A precise copy of the data is required, with every picture left out.

Exercise data:
★ ★ ★ ★ ★
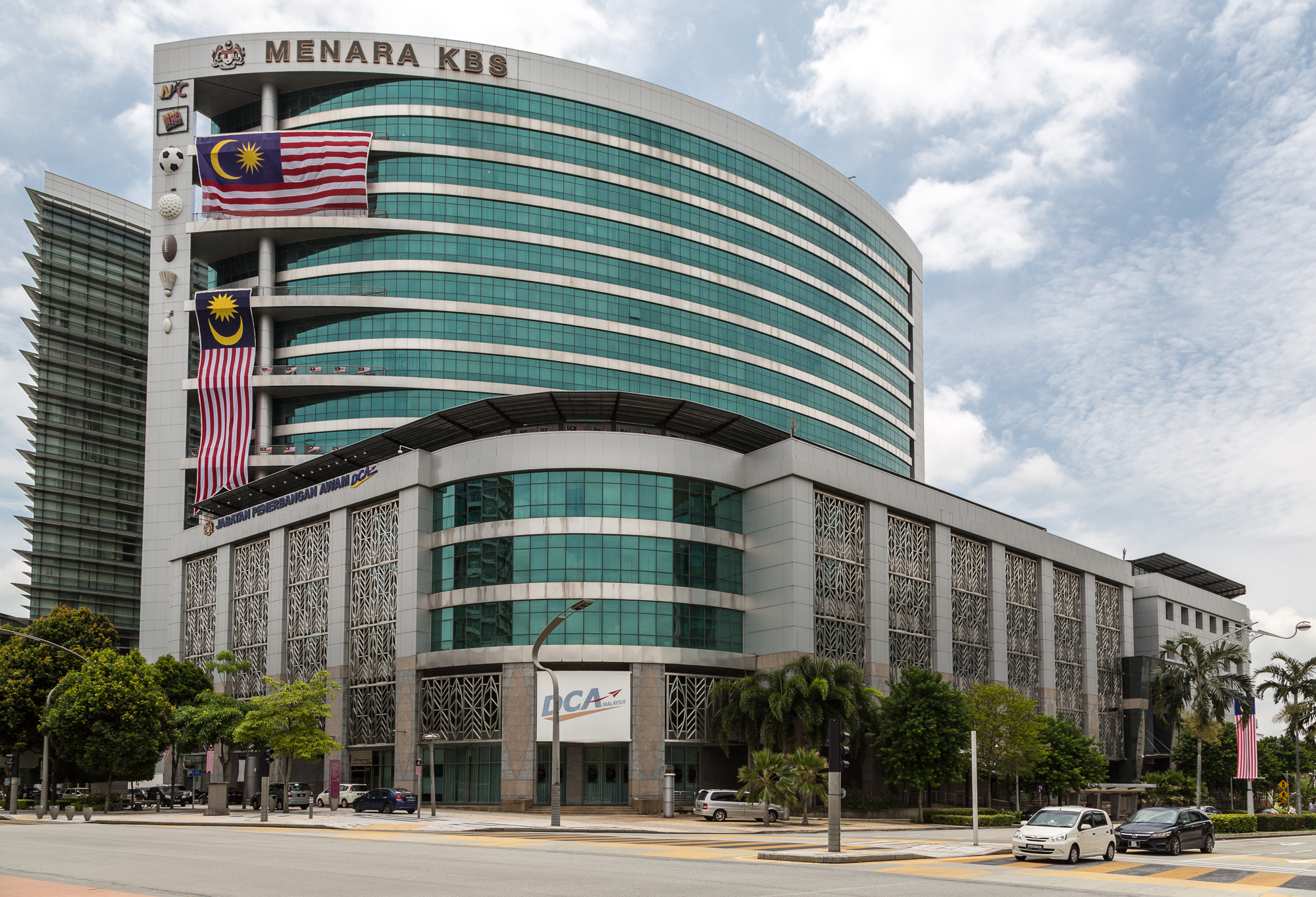 Putrajaya, Malaysia: Ministry of Youth and Sport (Background), Department of Civil Aviation (Foreground)
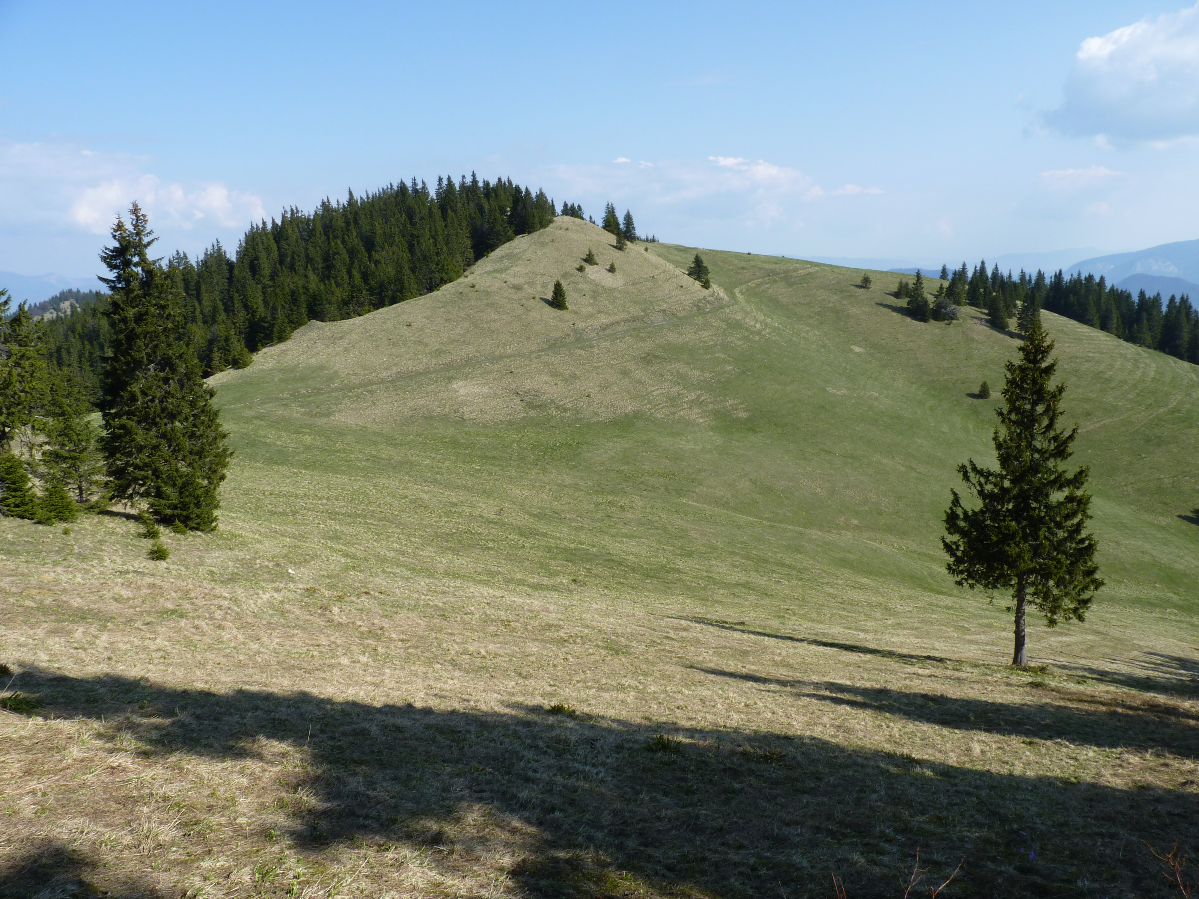 Great Fatra, Slovakia
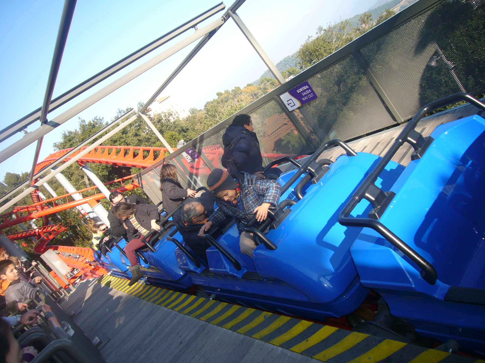 Roller coaster at the Tibidabo amusement park
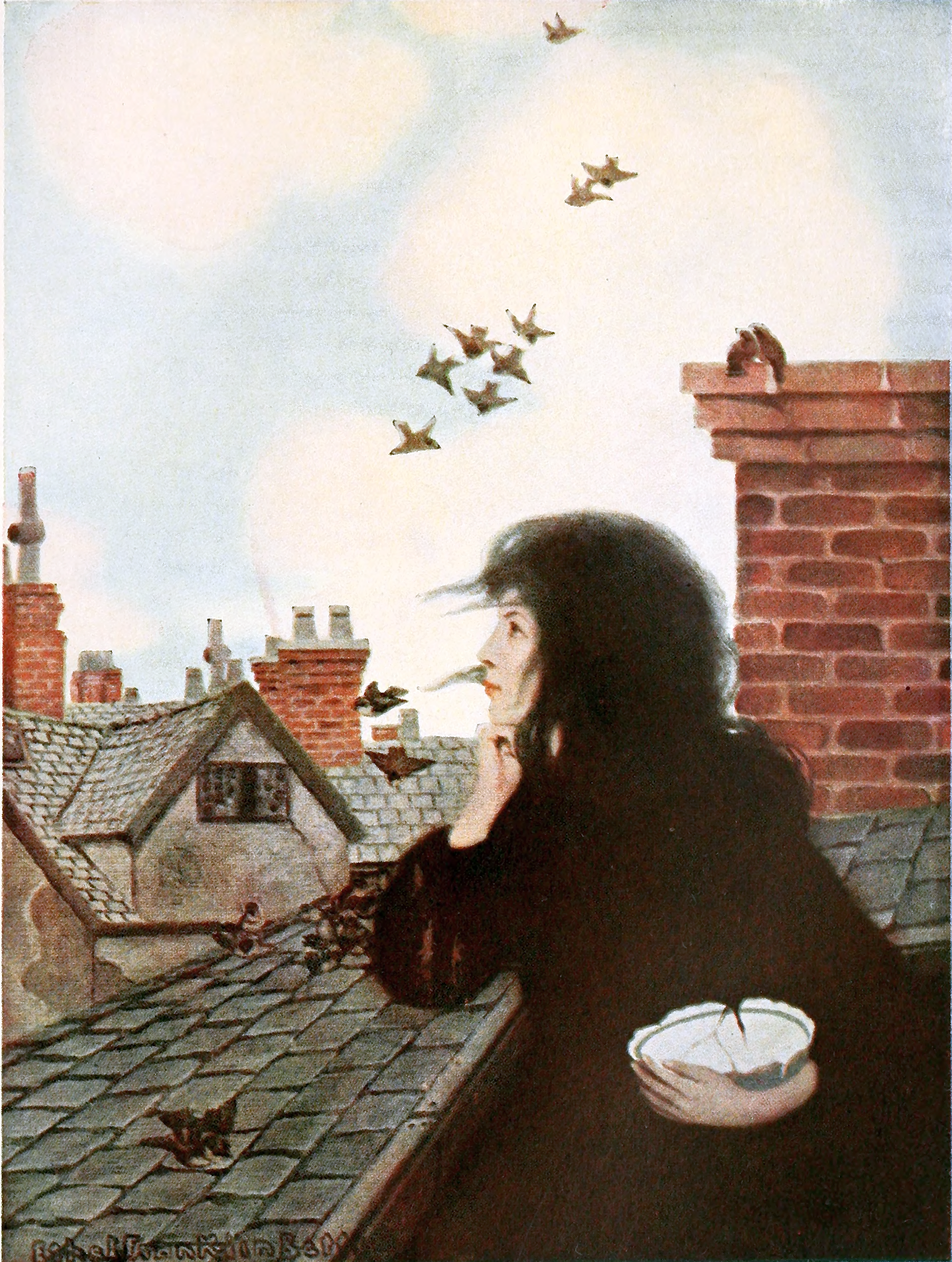 The sparrows twittered and hopped about quite without fear.
★ ★ ★ ★ ★
Expected output:
 Putrajaya, Malaysia: Ministry of Youth and Sport (Background), Department of Civil Aviation (Foreground)
 Great Fatra, Slovakia
 Roller coaster at the Tibidabo amusement park
 The sparrows twittered and hopped about quite without fear.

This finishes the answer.